◆ **WORK ITEM**:
Here the job is to transcribe the data exactly while omitting the images.

◆ **GIVEN RECORDS**:

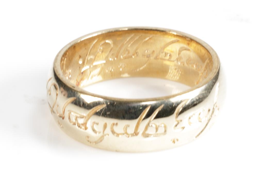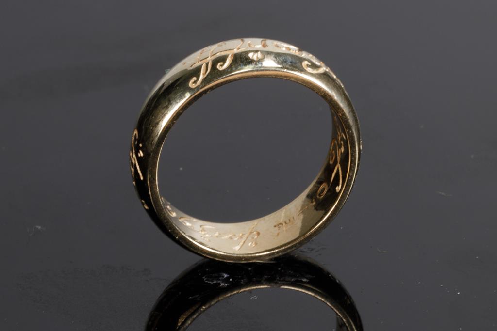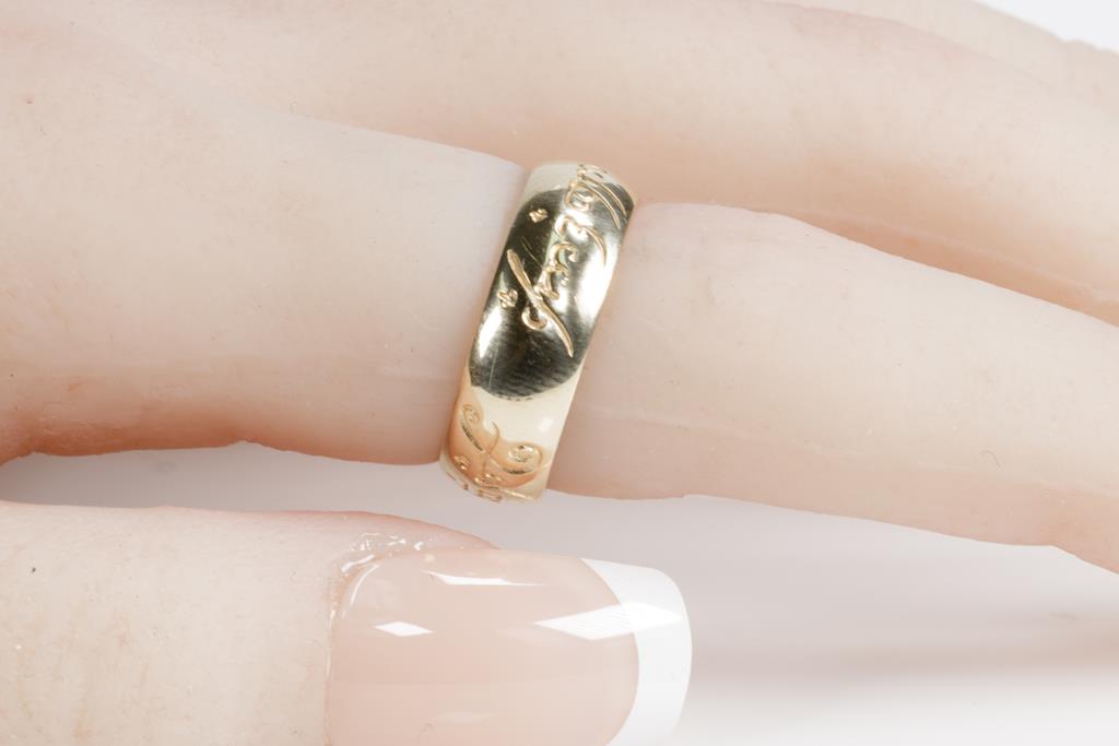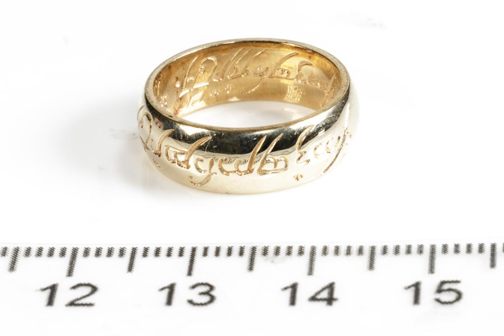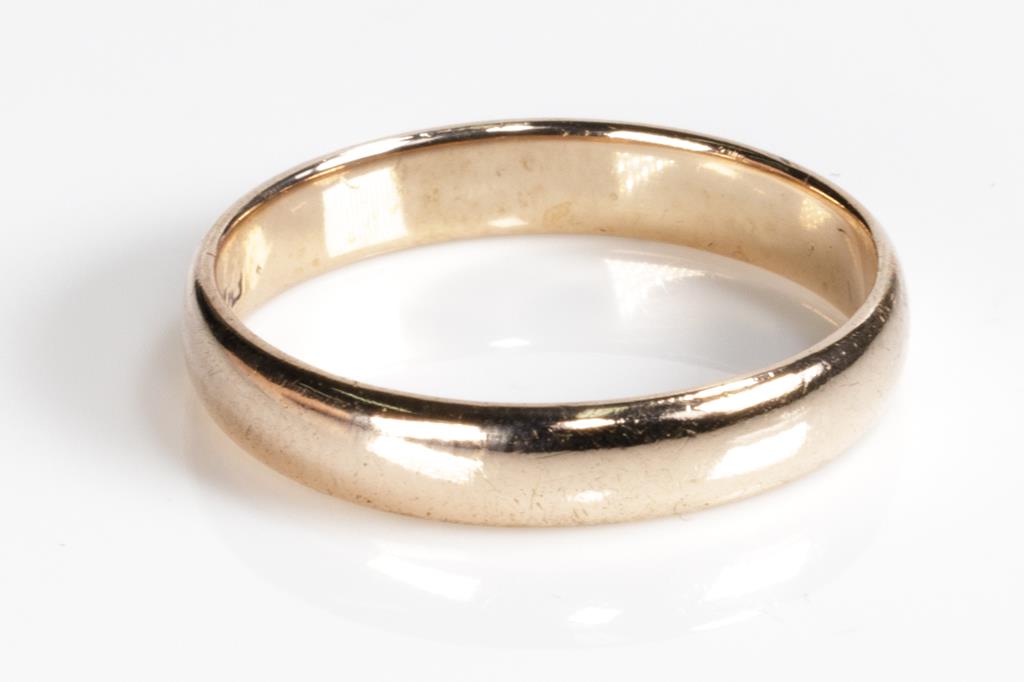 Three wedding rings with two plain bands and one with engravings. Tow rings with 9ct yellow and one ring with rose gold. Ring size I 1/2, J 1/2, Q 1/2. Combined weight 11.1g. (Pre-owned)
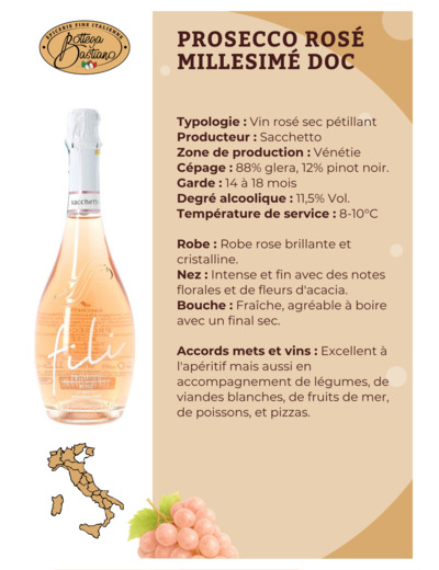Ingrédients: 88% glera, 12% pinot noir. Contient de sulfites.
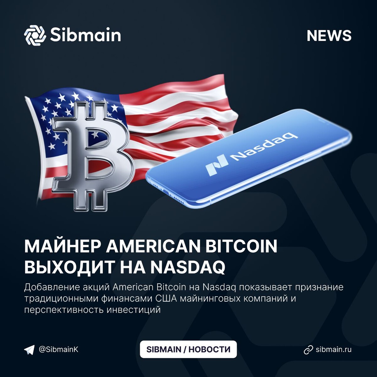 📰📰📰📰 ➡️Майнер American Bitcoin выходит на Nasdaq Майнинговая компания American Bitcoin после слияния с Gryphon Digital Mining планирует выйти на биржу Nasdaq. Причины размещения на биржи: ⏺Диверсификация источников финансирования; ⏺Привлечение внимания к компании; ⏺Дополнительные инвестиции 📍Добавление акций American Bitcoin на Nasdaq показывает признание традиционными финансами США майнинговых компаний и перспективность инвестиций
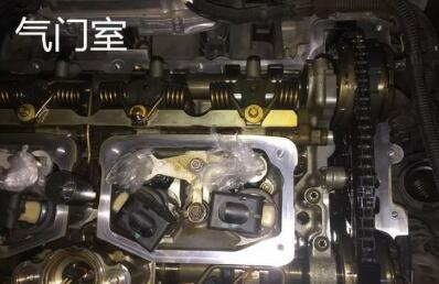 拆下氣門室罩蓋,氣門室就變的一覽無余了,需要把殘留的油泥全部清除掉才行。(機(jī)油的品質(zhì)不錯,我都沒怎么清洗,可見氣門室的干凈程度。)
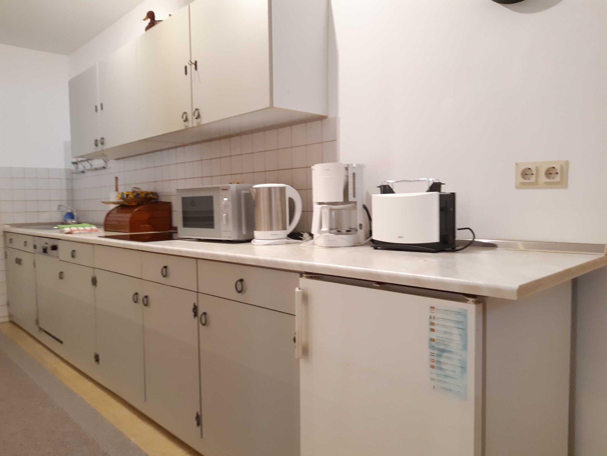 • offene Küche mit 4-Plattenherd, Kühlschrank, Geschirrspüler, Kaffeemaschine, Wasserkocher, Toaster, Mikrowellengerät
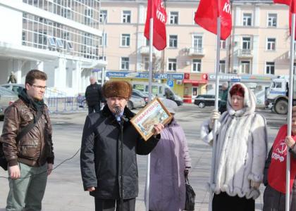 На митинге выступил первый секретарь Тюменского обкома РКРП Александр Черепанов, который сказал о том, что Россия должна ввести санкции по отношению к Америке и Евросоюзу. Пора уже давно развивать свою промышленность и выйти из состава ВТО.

◆ **EXERCISE RESULT**:
 Three wedding rings with two plain bands and one with engravings. Tow rings with 9ct yellow and one ring with rose gold. Ring size I 1/2, J 1/2, Q 1/2. Combined weight 11.1g. (Pre-owned)
Ingrédients: 88% glera, 12% pinot noir. Contient de sulfites.
 📰📰📰📰 ➡️Майнер American Bitcoin выходит на Nasdaq Майнинговая компания American Bitcoin после слияния с Gryphon Digital Mining планирует выйти на биржу Nasdaq. Причины размещения на биржи: ⏺Диверсификация источников финансирования; ⏺Привлечение внимания к компании; ⏺Дополнительные инвестиции 📍Добавление акций American Bitcoin на Nasdaq показывает признание традиционными финансами США майнинговых компаний и перспективность инвестиций
 拆下氣門室罩蓋,氣門室就變的一覽無余了,需要把殘留的油泥全部清除掉才行。(機(jī)油的品質(zhì)不錯,我都沒怎么清洗,可見氣門室的干凈程度。)
 • offene Küche mit 4-Plattenherd, Kühlschrank, Geschirrspüler, Kaffeemaschine, Wasserkocher, Toaster, Mikrowellengerät
 На митинге выступил первый секретарь Тюменского обкома РКРП Александр Черепанов, который сказал о том, что Россия должна ввести санкции по отношению к Америке и Евросоюзу. Пора уже давно развивать свою промышленность и выйти из состава ВТО.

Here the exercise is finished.